The vendor initially commenced proceedings in the Supreme Court to seek a declaration that presentation of the letters of credit could be made by 1.30pm Singapore time on 3 March 2015 and the issuer would be liable to make payment under the letters. Justice Hammerschlag made the following findings:

  1. All types of letters of credit require the beneficiary to comply strictly with the terms of the letter of credit in order to invoke the issuing Bank's commitment. In this instance that meant compliance strictly with the requirements set out in clause 2 of each of the letters of credit.
  2. The effect of the sale agreement was to provide that the final instalment must be paid on 3 March 2015 which was the next business day in Western Australia after 28 February because of the operation of the boilerplate provision at clause 1(g) in the sale agreement.
  3. The final date by which the letter of credit could be presented when taking into account the expiry date of the letters of credit and the impact of International Standby Practice ISP98 was 2 March 2015.
  4. The final instalment amount under the sale agreement only becomes due and payable on 3 March 2015 and that the vendor would not be able to provide a declaration on 2 March 2015 that such amount was due and payable.

The vendor submitted that the final payment obligation was still due and payable on the due date (ie 28 February or 1 March 2015) and that clause 1.2(g) of the sale agreement did not displace that obligation but merely operated to shield the buyer from the consequences of not paying on that day itself. This argument was not accepted by the Primary Judge.

Conclusions of the Court of Appeal

The Court of Appeal confirmed the decision of the Primary Judge.

The Court of Appeal confirmed, and the parties accepted, that the letters of credit are stand alone instruments and that the obligations of the issuing bank to pay under them were not to be determined by reference to any provision of the sale agreement. This principle is founded on the importance of a letter of credit being the equivalent of a cash payment.

The Court of Appeal indicated, among other things, that because the letters of credit required the vendor to declare that the amount claimed was due and payable to it, it would be necessary to look at the terms of the sale agreement to determine whether, on a particular day, the amount claimed can properly be said to be due and payable. The Court of Appeal concluded that the final instalment, instead of being payable on 28 February 2015 or 1 March 2015, was now payable on 3 March 2015, which was the next business day in Western Australia after 28 February and that prior to that date the vendor had no legal entitlement to maintain an action to recover that amount. The Court of Appeal concluded that each letter of credit would expire no later than 2 March 2015 and therefore dismissed the appeal. The consequence, which is severe, was that the issuing bank was not required to pay to the vendor the final amount that was due to it under the sale agreement.

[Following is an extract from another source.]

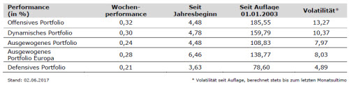 In der vergangenen Handelswoche konnte das Private Wealth Portfolio um 0,20 Prozent zulegen. In einem uneinheitlichen Umfeld konnten besonders die Fonds auf der Aktienseite für einen Mehrwert sorgen. Dazu zählen u.a. der Legg Mason MC Eurp Abs Alpha (+1,20%), 4Q-EUROPEAN OPPORTUNITIES (+1,04%) und DNB Technology (+0,87%). Aufgrund des schwachen US Dollars (-0,81%) musste hingegen der Nordea 1 - US Total Return Bond (-0,61%) insgesamt einen Verlust verkraften. Auch das negative Ergebnis bei den Emerging Markets (MSCI EM -0,93%) wirkte sich nachteilig auf den Robeco QI Emerging Cnsrv Eqs (-0,43%) aus.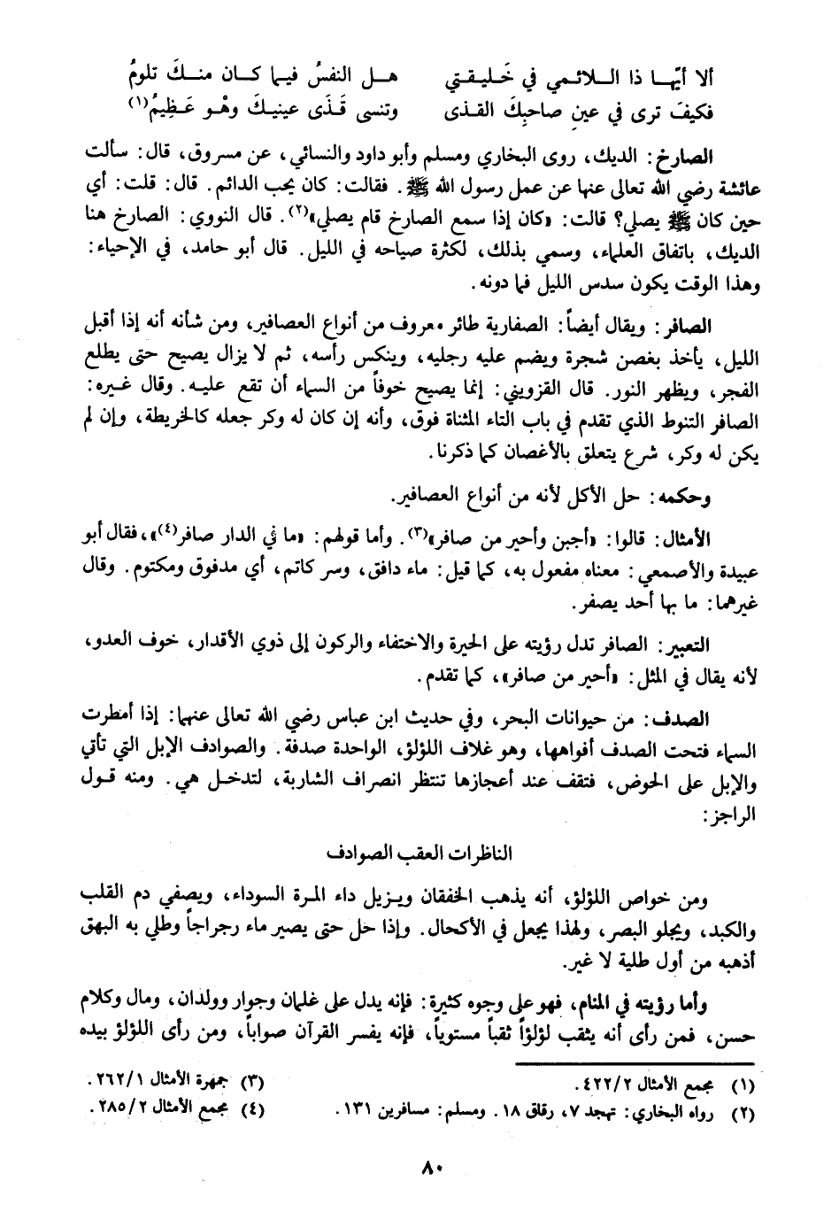 الديك، روى البخاري ومسلم وأبو داود والنسائي، عن مسروق، قال: سألت عائشة رضي الله تعالى عنها عن عمل رسول الله صلى الله عليه وسلم. فقالت: كان يحب الدائم. قال: قلت: أي حين كان صلى الله عليه وسلم يصلي؟ قالت: «كان إذا سمع الصارخ قام يصلي» «2» . قال النووي: الصارخ هنا الديك، باتفاق العلماء، وسمي بذلك، لكثرة صياحه في الليل. قال أبو حامد، في الإحياء:

The decision reinforces the importance of:

  1. allowing sufficient time for a beneficiary to comply strictly with the terms of a letter of credit prior to its expiry; and
  2. reconciling the obligations of a party in respect of the underlying transaction document with the mechanism for payment of the credit given in respect of those obligations.

The content of this article is intended to provide a general guide to the subject matter. Specialist advice should be sought about your specific circumstances.